■ Work item: Skip every image and restate the data word for word.

====== Raw data

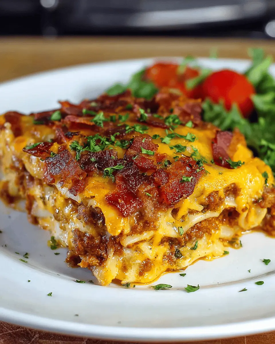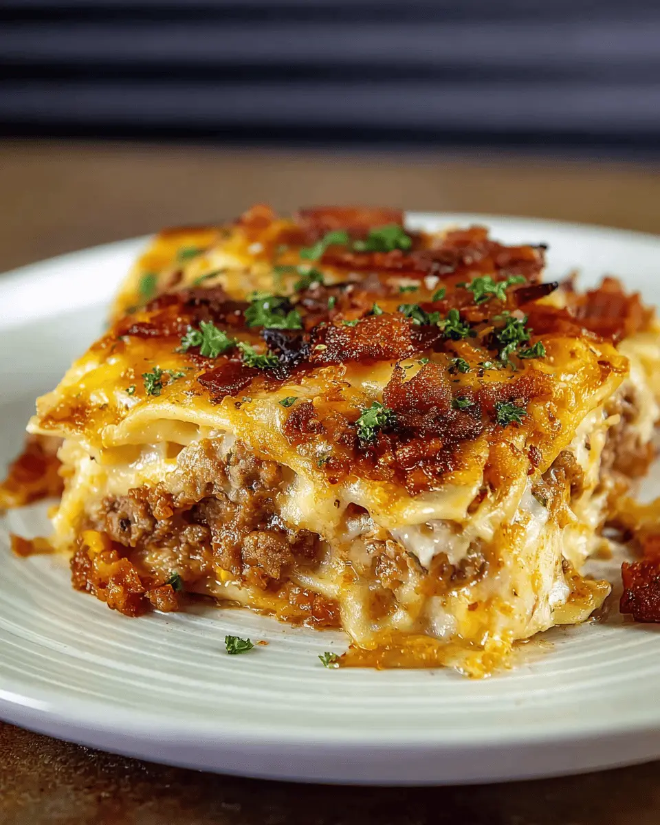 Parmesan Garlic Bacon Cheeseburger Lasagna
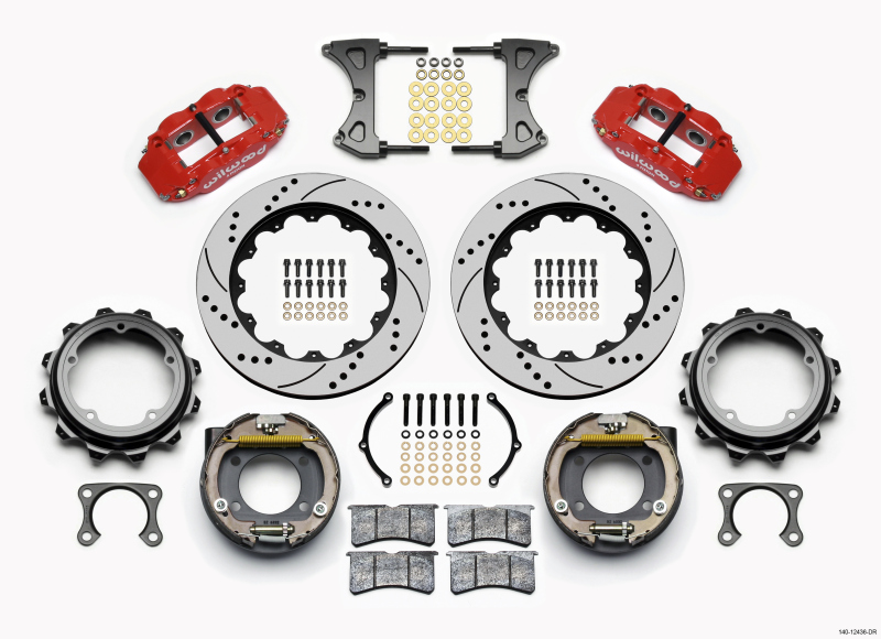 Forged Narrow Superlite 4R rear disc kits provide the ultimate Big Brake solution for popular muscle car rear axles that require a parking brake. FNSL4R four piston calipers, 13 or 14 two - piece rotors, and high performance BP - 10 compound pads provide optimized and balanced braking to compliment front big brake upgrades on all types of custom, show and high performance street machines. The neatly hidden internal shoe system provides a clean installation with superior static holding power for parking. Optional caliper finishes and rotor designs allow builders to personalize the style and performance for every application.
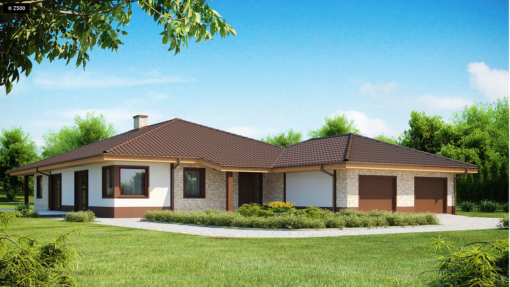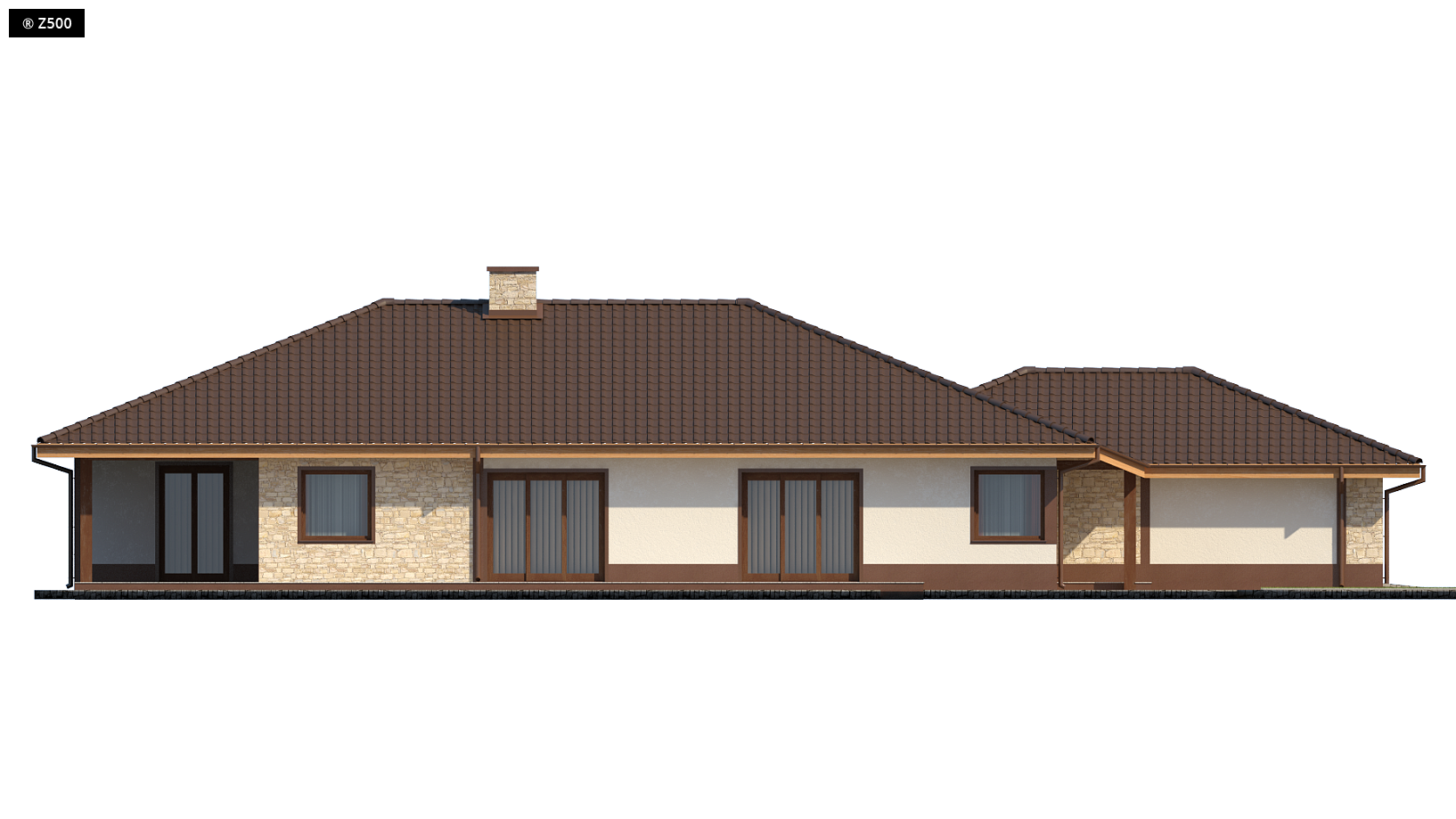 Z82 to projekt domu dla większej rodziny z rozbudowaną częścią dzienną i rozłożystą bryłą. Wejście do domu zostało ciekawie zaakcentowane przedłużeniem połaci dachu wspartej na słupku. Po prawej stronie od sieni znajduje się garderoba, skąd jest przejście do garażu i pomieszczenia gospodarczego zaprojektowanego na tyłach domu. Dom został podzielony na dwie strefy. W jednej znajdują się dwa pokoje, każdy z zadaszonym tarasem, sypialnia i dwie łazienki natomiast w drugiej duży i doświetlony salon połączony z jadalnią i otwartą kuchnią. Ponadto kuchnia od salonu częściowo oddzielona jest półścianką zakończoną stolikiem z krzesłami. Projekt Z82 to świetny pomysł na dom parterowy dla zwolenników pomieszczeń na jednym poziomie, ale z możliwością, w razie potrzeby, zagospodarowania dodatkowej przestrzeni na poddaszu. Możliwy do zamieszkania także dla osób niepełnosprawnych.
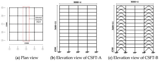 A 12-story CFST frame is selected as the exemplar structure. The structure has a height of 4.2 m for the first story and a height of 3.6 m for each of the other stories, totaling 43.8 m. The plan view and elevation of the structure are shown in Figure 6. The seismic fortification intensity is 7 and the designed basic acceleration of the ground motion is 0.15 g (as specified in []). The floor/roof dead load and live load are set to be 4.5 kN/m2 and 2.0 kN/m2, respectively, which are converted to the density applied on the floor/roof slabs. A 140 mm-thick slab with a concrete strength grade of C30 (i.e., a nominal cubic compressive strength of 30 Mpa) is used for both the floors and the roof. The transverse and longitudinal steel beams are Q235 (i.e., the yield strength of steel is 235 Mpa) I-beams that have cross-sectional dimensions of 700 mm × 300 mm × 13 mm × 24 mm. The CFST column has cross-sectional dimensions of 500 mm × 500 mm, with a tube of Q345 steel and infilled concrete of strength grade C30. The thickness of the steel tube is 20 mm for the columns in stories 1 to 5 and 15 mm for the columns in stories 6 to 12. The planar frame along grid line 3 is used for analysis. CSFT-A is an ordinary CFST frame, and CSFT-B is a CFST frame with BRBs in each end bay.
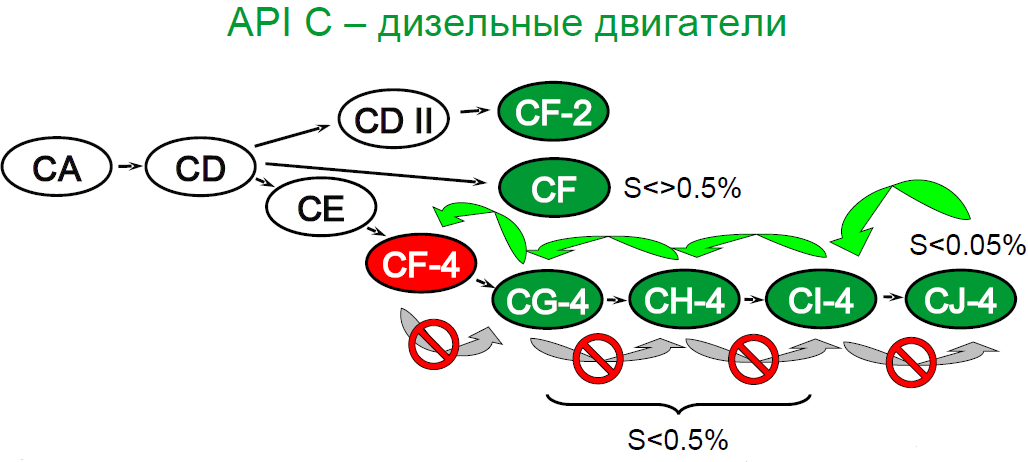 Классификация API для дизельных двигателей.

============

■ Result:
 Parmesan Garlic Bacon Cheeseburger Lasagna
 Forged Narrow Superlite 4R rear disc kits provide the ultimate Big Brake solution for popular muscle car rear axles that require a parking brake. FNSL4R four piston calipers, 13 or 14 two - piece rotors, and high performance BP - 10 compound pads provide optimized and balanced braking to compliment front big brake upgrades on all types of custom, show and high performance street machines. The neatly hidden internal shoe system provides a clean installation with superior static holding power for parking. Optional caliper finishes and rotor designs allow builders to personalize the style and performance for every application.
 Z82 to projekt domu dla większej rodziny z rozbudowaną częścią dzienną i rozłożystą bryłą. Wejście do domu zostało ciekawie zaakcentowane przedłużeniem połaci dachu wspartej na słupku. Po prawej stronie od sieni znajduje się garderoba, skąd jest przejście do garażu i pomieszczenia gospodarczego zaprojektowanego na tyłach domu. Dom został podzielony na dwie strefy. W jednej znajdują się dwa pokoje, każdy z zadaszonym tarasem, sypialnia i dwie łazienki natomiast w drugiej duży i doświetlony salon połączony z jadalnią i otwartą kuchnią. Ponadto kuchnia od salonu częściowo oddzielona jest półścianką zakończoną stolikiem z krzesłami. Projekt Z82 to świetny pomysł na dom parterowy dla zwolenników pomieszczeń na jednym poziomie, ale z możliwością, w razie potrzeby, zagospodarowania dodatkowej przestrzeni na poddaszu. Możliwy do zamieszkania także dla osób niepełnosprawnych.
 A 12-story CFST frame is selected as the exemplar structure. The structure has a height of 4.2 m for the first story and a height of 3.6 m for each of the other stories, totaling 43.8 m. The plan view and elevation of the structure are shown in Figure 6. The seismic fortification intensity is 7 and the designed basic acceleration of the ground motion is 0.15 g (as specified in []). The floor/roof dead load and live load are set to be 4.5 kN/m2 and 2.0 kN/m2, respectively, which are converted to the density applied on the floor/roof slabs. A 140 mm-thick slab with a concrete strength grade of C30 (i.e., a nominal cubic compressive strength of 30 Mpa) is used for both the floors and the roof. The transverse and longitudinal steel beams are Q235 (i.e., the yield strength of steel is 235 Mpa) I-beams that have cross-sectional dimensions of 700 mm × 300 mm × 13 mm × 24 mm. The CFST column has cross-sectional dimensions of 500 mm × 500 mm, with a tube of Q345 steel and infilled concrete of strength grade C30. The thickness of the steel tube is 20 mm for the columns in stories 1 to 5 and 15 mm for the columns in stories 6 to 12. The planar frame along grid line 3 is used for analysis. CSFT-A is an ordinary CFST frame, and CSFT-B is a CFST frame with BRBs in each end bay.
 Классификация API для дизельных двигателей.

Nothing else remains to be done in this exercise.